State v. Royal, 61681

CourtUnited States State Supreme Court of Missouri
Citation610 S.W.2d 946
Docket NumberNo. 61681,61681
PartiesSTATE of Missouri, Respondent, v. Phillip A. ROYAL, Appellant.
Decision Date13 January 1981

Terry Daley, Public Defender, John D. Wiggins, Asst. Public Defender, Rolla, for appellant.

John Ashcroft, Atty. Gen., S. Francis Baldwin, Asst. Atty. Gen., Jefferson City, for respondent.

MORGAN, Judge.

Appellant was charged by information with capital murder, kidnapping, first degree robbery, stealing a motor vehicle and armed criminal action in connection with the robbery of the Neelyville Branch of the Bank of Poplar Bluff and the abduction and murder of an employee, Tara Lynn Creach. He was convicted of capital murder and sentenced by the jury to life imprisonment without possibility of probation or parole for fifty years. Appeal was made directly to this Court under Art. V, § 3, Mo.Const.

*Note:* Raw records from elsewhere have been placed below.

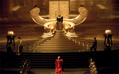 هذا يمضي بنا إلى البناء الأسطوري للشخصيات التي نشأنا عليها والخارجة من رحم «الكوميك»: سوبرمان، وبات مان، وسبايدر مان، والقائمة تطول، وأمام هذا الوجود الدائم لهذه الشخصيات في الذاكرة، والمحاولات الدائمة لبعثها من جديد من خلال الأجزاء المتوالية منها، ستكون هناك محاولات لخلق شخصيات أخرى، ولعل فيلم كينيث براناه Thor «ثور» المعروض حالياً في دور العرض المحلية يأتي من هذا المسعى، ولنكون أمام شخصية يتمركز حولها الفيلم، ويسخر في خدمتها كل ما هو متاح لتكون النتيجة فيلماً تجارياً يقدم الى كل ذي مطلب مطلبه، وخلطة عجيبة تكاد تكون بحراً متلاطماً من الخلطات المعدة سلفاً، فالفيلم اسطوري ومعاصر، وله أيضاً أن يجمع هاري بوتر مع سوبر مان، كما أنه فيلم غرامي كوميدي مأساوي ميلودرامي، ومسرحي أيضاً، الصفة الأخيرة التي عليها أن تحضر طالما الحديث عن مخرج مثل كينيث براناه صاحب «هاملت» وغيرها من مسرحيات شكسبير التي قدمها على الشاشة الكبيرة.
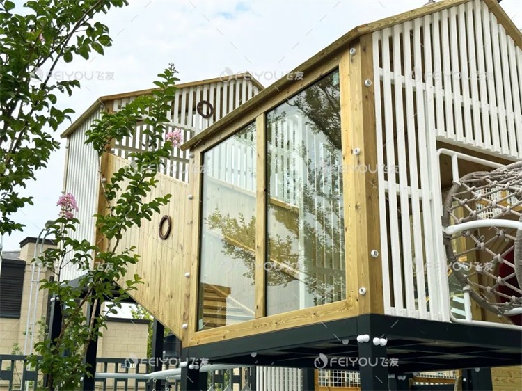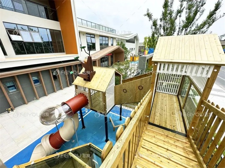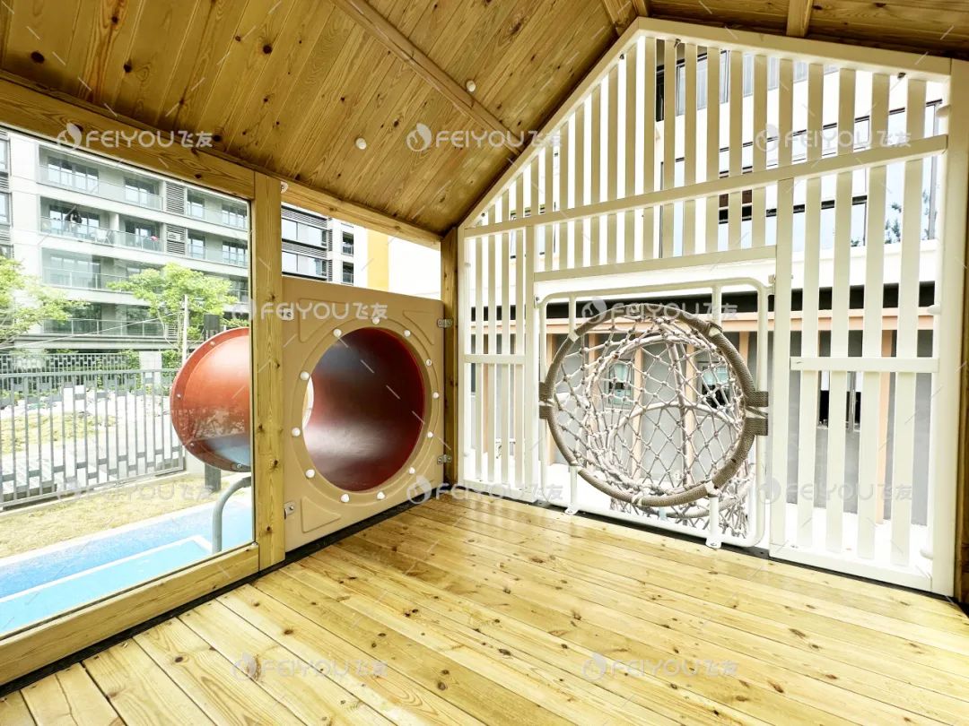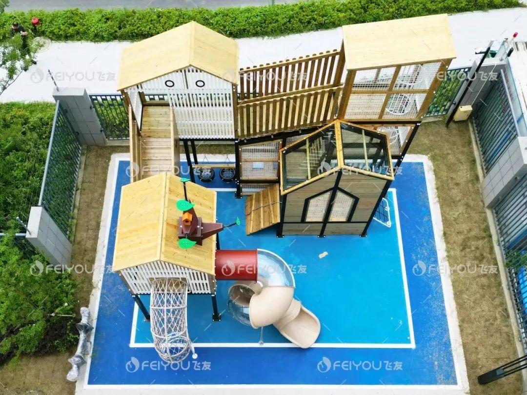 樹屋主題組合滑梯是戶外空間其中的一大亮點(diǎn)。設(shè)計(jì)師通過不同高度和結(jié)構(gòu)的樹屋設(shè)計(jì),幫助孩子們鍛煉空間感知和身體協(xié)調(diào)性。
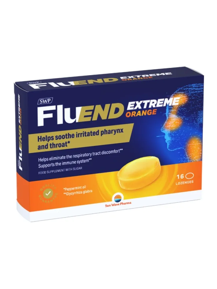 SWP Fluend Extreme Orange Lutschtabletten mit erfrischendem Orangengeschmack lindern Hals- und Rachenreizungen schnell und effektiv.

As there is no challenge to the sufficiency of the evidence to support the conviction, only a brief recitation of the facts is required. On the morning of January 13, 1978, the Neelyville Branch was robbed of approximately $33,000 and the employee-teller at that facility was abducted. Witnesses testified that they saw the victim's car containing two passengers, one of whom was the victim, departing from the bank. The description of the car was transmitted to police officers and shortly after receiving the dispatch, Officer Stanley Martin met the victim's car and gave chase. After a high speed chase on icy roads, the car was wrecked. Officer Martin pulled appellant from the car and placed him under arrest. A canvas bag containing a large amount of currency, including some "bait money" was recovered. Appellant was placed in Officer Martin's car and Deputy Larry Woods read the Miranda warnings to him, whereupon he was questioned about the victim's whereabouts. At this time, or shortly thereafter at the Sheriff's office, appellant made statements leading the police to a remote area of Butler County known as Panhandler's Park where Tara Lynn Creach's body was found. She had been shot three times with a .22 caliber weapon.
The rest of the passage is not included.